● TASK ITEM
Each line of the data must reappear exactly in your answer, with no images included.

Items from a data source:
* * * * * * *
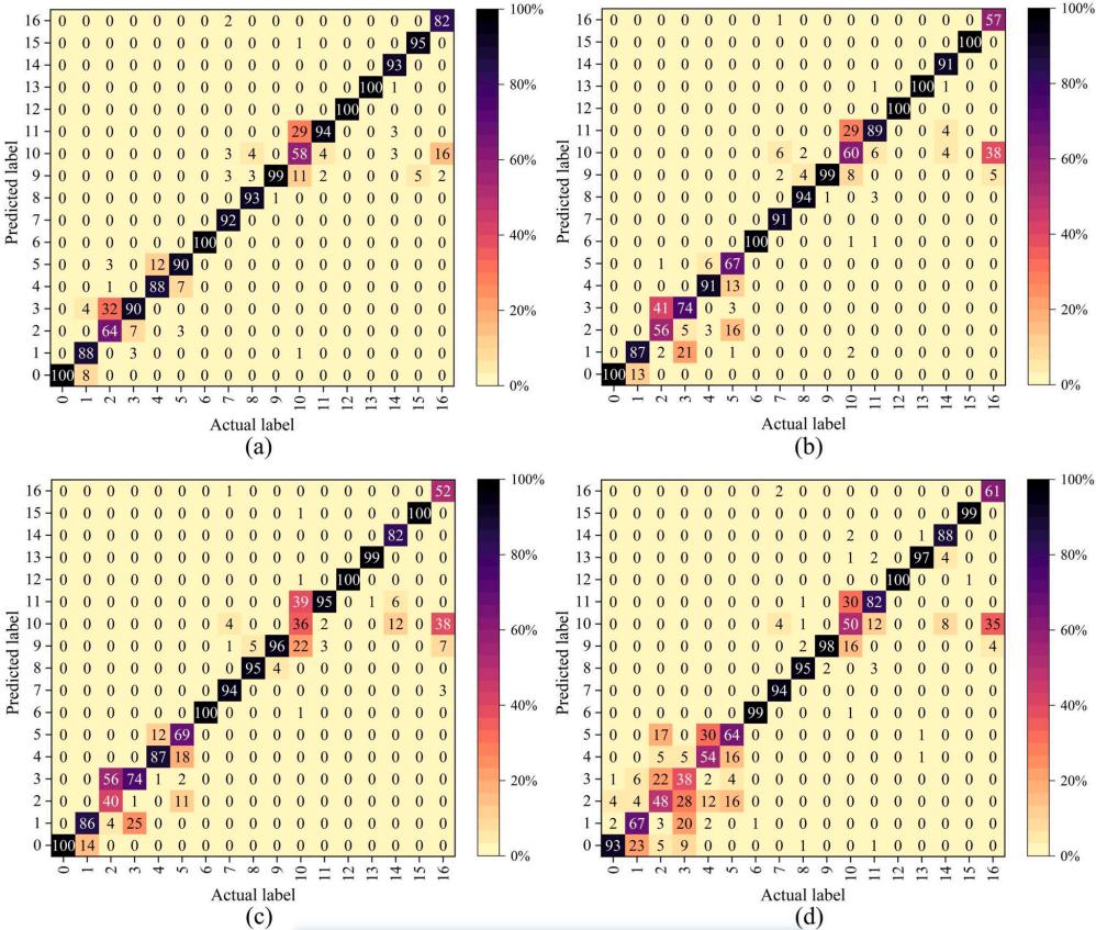 图7 四种方法对17种塑料的分类结果。Dy-ResNet(a), Dy-CNN(b), ResNet(c), CNN(d)
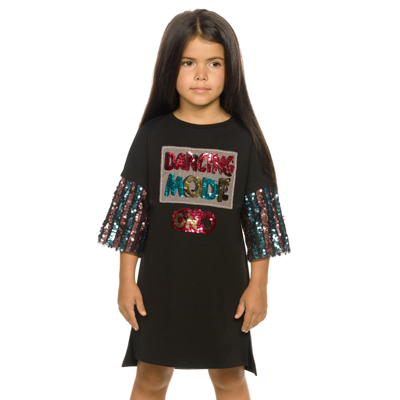 Состав: 60%вискоза 35%полиамид 5%эластан, вставка:1 100%полиэстер, вставка:2 60%хлопок 40%полиэстерОписание: Платье свободного силуэта с небольшим перепадом длин между передом и спинкой, длина переда ... Показать описаниечуть выше колена. В боковых швах разрезы 7 см. Спущенное мягкое плечо, рукав три четверти. Рукава декорированы вышитыми на сетке дорожками пайеток. По центру изделия располагается аппликация из двусторонних пайеток с объемной вышивкой гладью, придающей объем 3D, перевод Танцевальный режим. Ниже кнопка с двусторонней надписью из переворачивающихся пайеток, перевод Включен/Выключен.
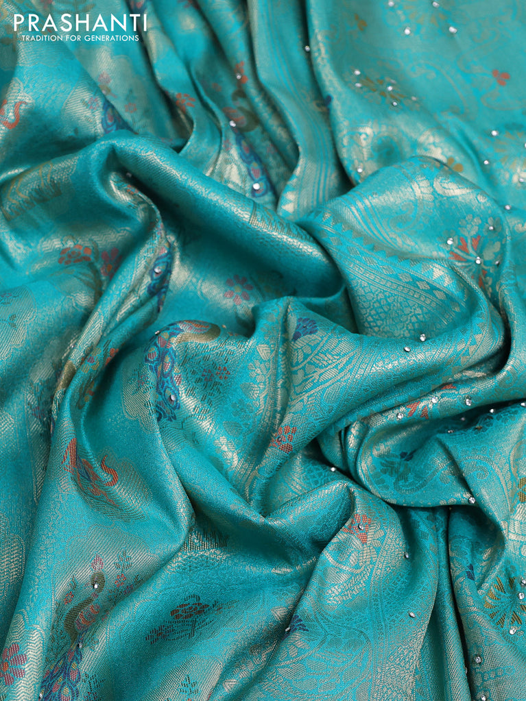 Banarasi silk saree teal green shade with allover zari woven brocade weaves and zaridosi gotapatti work border
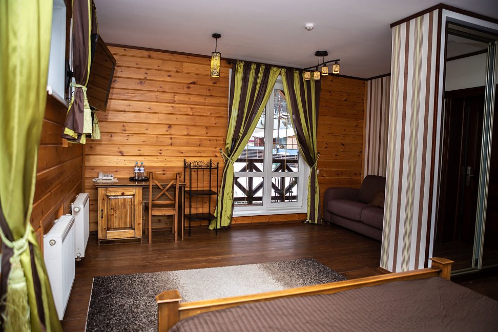 Важной особенностью нашего отеля является то, что все корпуса изготовлены из натурального дерева. Это способствует глубокому здоровому сну, комфортному отдыху, естественному снятию стресса. К вашим услугам 29 комфортабельных номеров категорий: Стандарт, Стандарт +, Делюкс, Люкс, Люкс +, Семейные апартаменты.
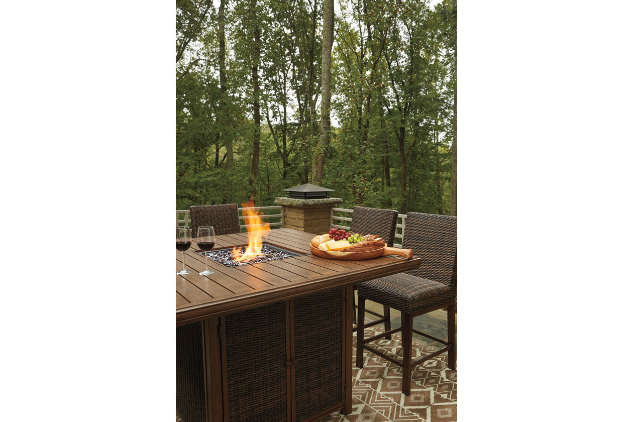 - Item Name: Paradise Trail Outdoor Bar Fire Pit Table with 6 Barstools by Ashley
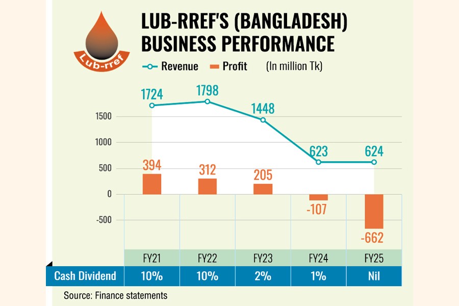 Following the earnings disclosure, Lub-rref's stock plunged nearly 19 per cent to Tk 10.3 per share on Sunday on the Dhaka Stock Exchange (DSE).
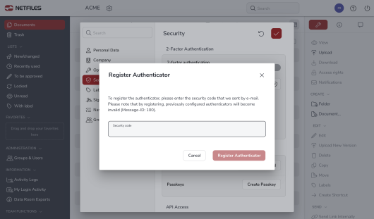 The next time you log in to your netfiles data room, you must enter the one-time password from the Authenticator app after entering the access data.
* * * * * * *
● WRITTEN RESPONSE
 图7 四种方法对17种塑料的分类结果。Dy-ResNet(a), Dy-CNN(b), ResNet(c), CNN(d)
 Состав: 60%вискоза 35%полиамид 5%эластан, вставка:1 100%полиэстер, вставка:2 60%хлопок 40%полиэстерОписание: Платье свободного силуэта с небольшим перепадом длин между передом и спинкой, длина переда ... Показать описаниечуть выше колена. В боковых швах разрезы 7 см. Спущенное мягкое плечо, рукав три четверти. Рукава декорированы вышитыми на сетке дорожками пайеток. По центру изделия располагается аппликация из двусторонних пайеток с объемной вышивкой гладью, придающей объем 3D, перевод Танцевальный режим. Ниже кнопка с двусторонней надписью из переворачивающихся пайеток, перевод Включен/Выключен.
 Banarasi silk saree teal green shade with allover zari woven brocade weaves and zaridosi gotapatti work border
 Важной особенностью нашего отеля является то, что все корпуса изготовлены из натурального дерева. Это способствует глубокому здоровому сну, комфортному отдыху, естественному снятию стресса. К вашим услугам 29 комфортабельных номеров категорий: Стандарт, Стандарт +, Делюкс, Люкс, Люкс +, Семейные апартаменты.
 - Item Name: Paradise Trail Outdoor Bar Fire Pit Table with 6 Barstools by Ashley
 Following the earnings disclosure, Lub-rref's stock plunged nearly 19 per cent to Tk 10.3 per share on Sunday on the Dhaka Stock Exchange (DSE).
 The next time you log in to your netfiles data room, you must enter the one-time password from the Authenticator app after entering the access data.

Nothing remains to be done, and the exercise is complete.